Bonus question with no points! Answering this will have no influence on your scoring, not at the assignment and not towards the exam score -- really feel free to ignore it with no consequence. But solving it will reward you with skills that will make the next lectures easier, give you real applications, and will be good practice towards the exam.

The solution for this questions will not be included in the regular lab solutions pdf, but you are welcome to open a discussion on the Moodle: we will support your addressing it, and you may meet other students that choose to solve this, and find a teammate for the next assignment that is willing to do things for fun and not only for score :)

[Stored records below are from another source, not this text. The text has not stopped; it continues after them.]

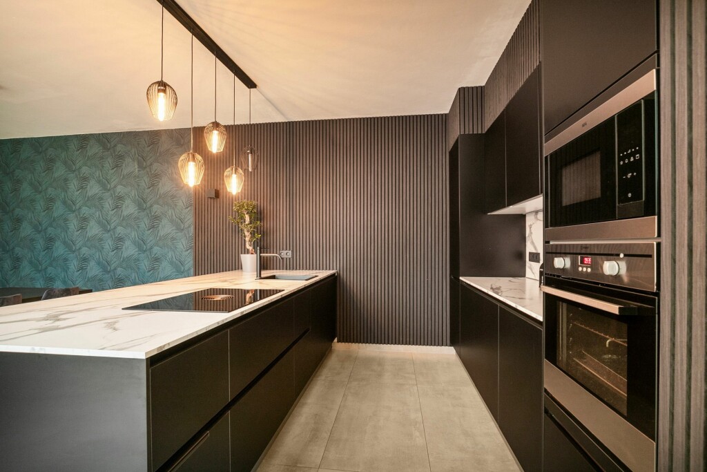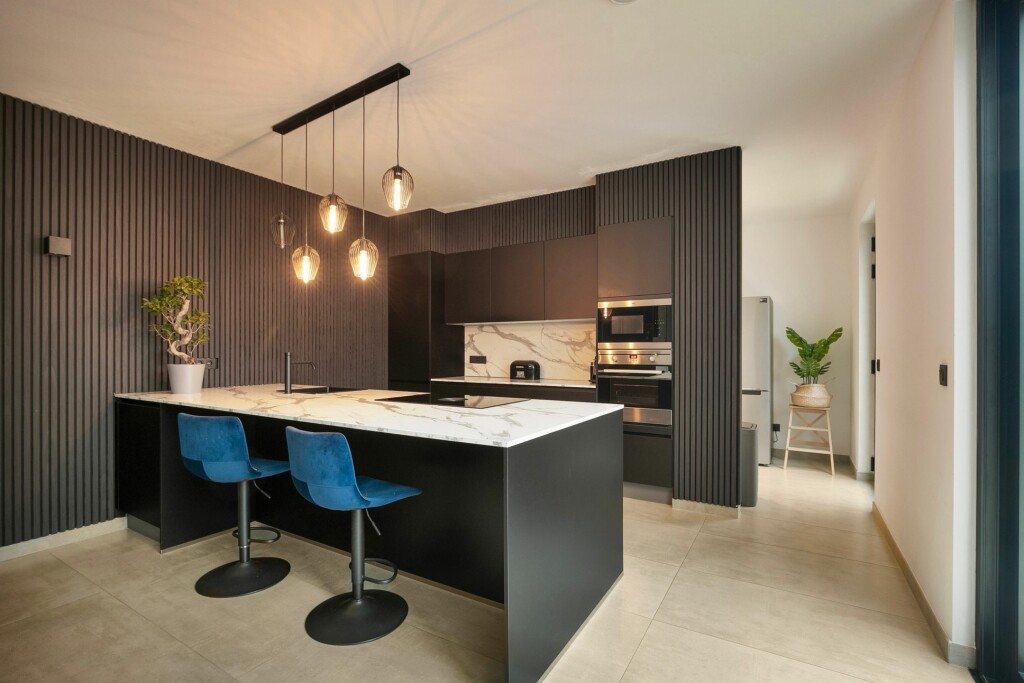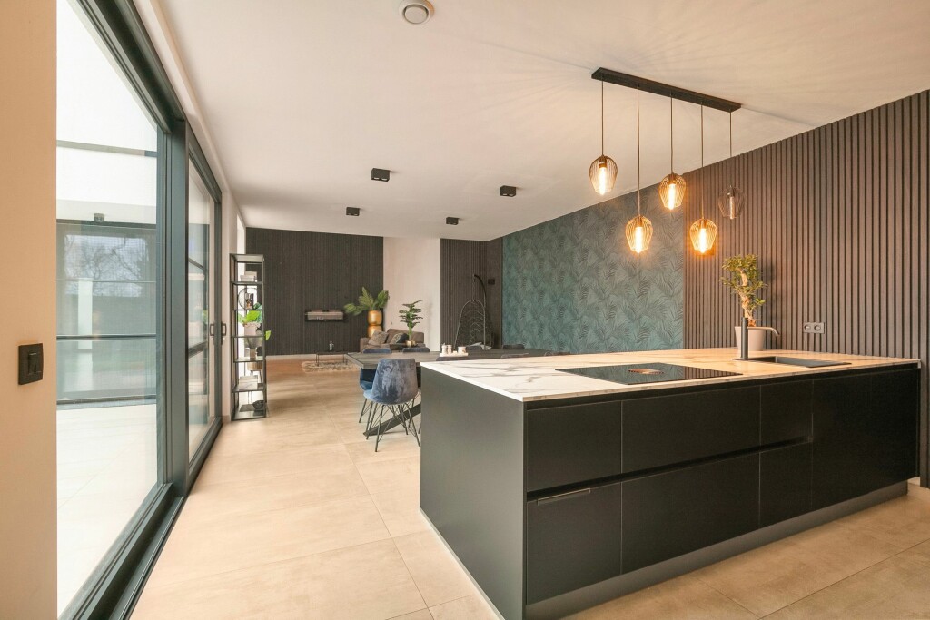 Aansluitend aan de woonkamer is de grote luxe leefkeuken opgesteld in een rechte wandopstelling met schiereiland. De keuken is uitgerust met alle benodigde inbouwapparatuur waaronder;
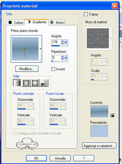 Con questi colori crea un gradiente di primo piano/sfondo, con i seguenti settaggi:
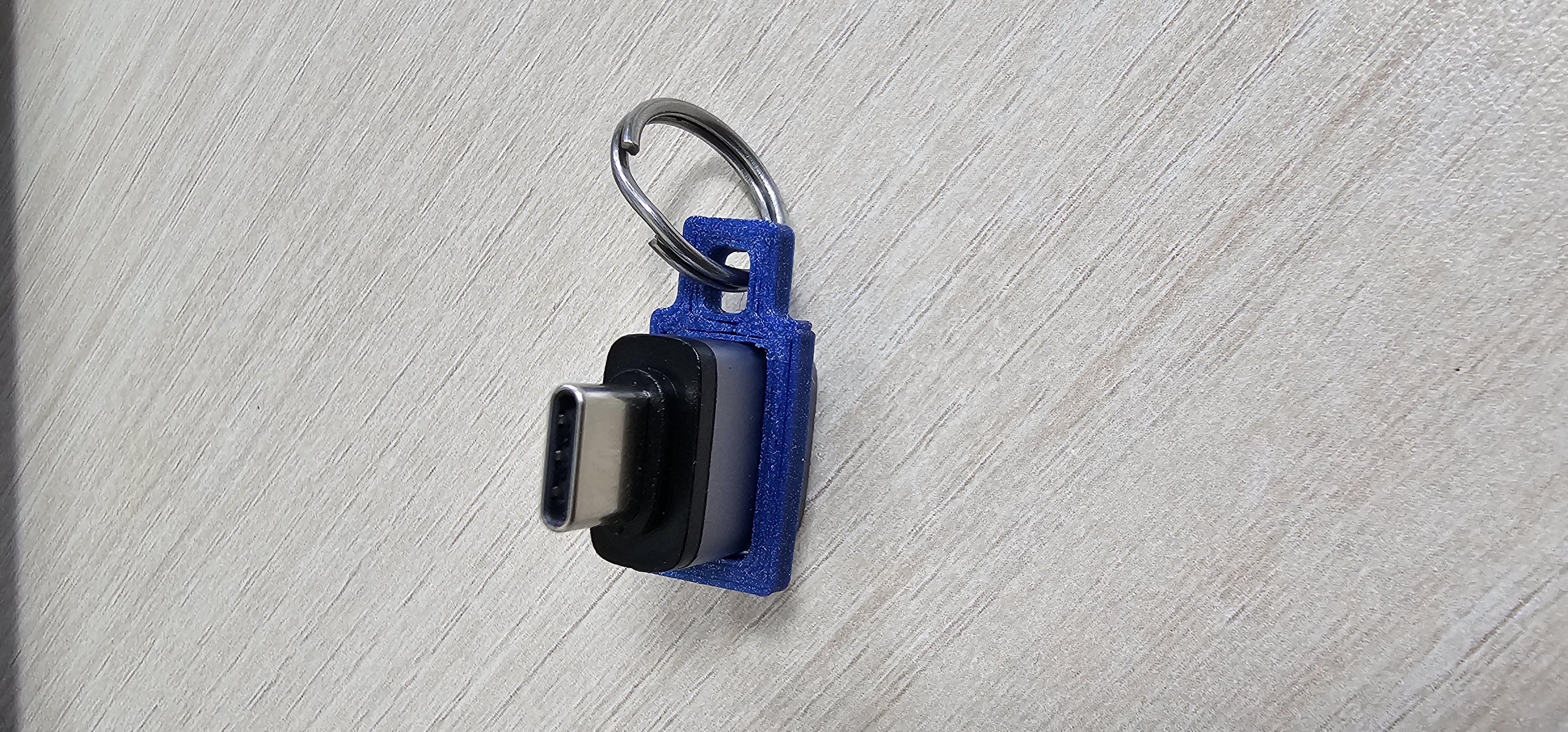Pate giữ adapter để gắn với chìa khóa. Thiết kế đơn giản bằng PLA, dành cho adapter có chiều rộng 14mm. Thích hợp làm móc khóa tiện lợi.

#### BONUS **[ZERO pt]** Do a bit of independent research, and propose below the simplest example you can, to make evident how the frequentist and Bayesian approaches are different.

I advise against blind copy+paste from the Internet in this case, I have seen so many incorrect opinions and tutorials over the years it is frankly ridiculous. I suggest you rather argue a bit on the Moodle about the approaches themselves, so you can make sure your example is correct.

A good intro: [[link]](https://ocw.mit.edu/courses/mathematics/18-05-introduction-to-probability-and-statistics-spring-2014/readings/MIT18_05S14_Reading20.pdf).

#### BONUS **[ZERO pt]** Train a Gaussian NB (either your code or scikit-learn) on the full Iris dataset (no train-test split) and check the misclassifications. Train the same on the 80% training data, then check and aggregate misclassifications both on the train and test datasets. You will probably get the same number of total errors regardless of whether you trained on 80% or 100% of the data. Can you explain why? Feel free to play with different splits until you find how low can you go with the training before increasing the number of errors. Use the term `statistically representative` in your explanation.

### Final considerations

- This is the first core ML method we are covering in the course. As you see it expects you to know quite a lot of concepts before we can really discuss its workings.
- This is also the first method capable of nonlinear classification. As it can work with multiple classes and different types of distributions (think Mixture of Gaussians), the division boundary is not a line anymore.
- In the next two lectures we will ease into the other big gun of core ML, the Support Vector Machine with its infamous Kernel Trick. We are reaching the real complexity level of the course, and we will keep this difficulty until the exam. Follow closely both the lectures and exercises and you should have no trouble.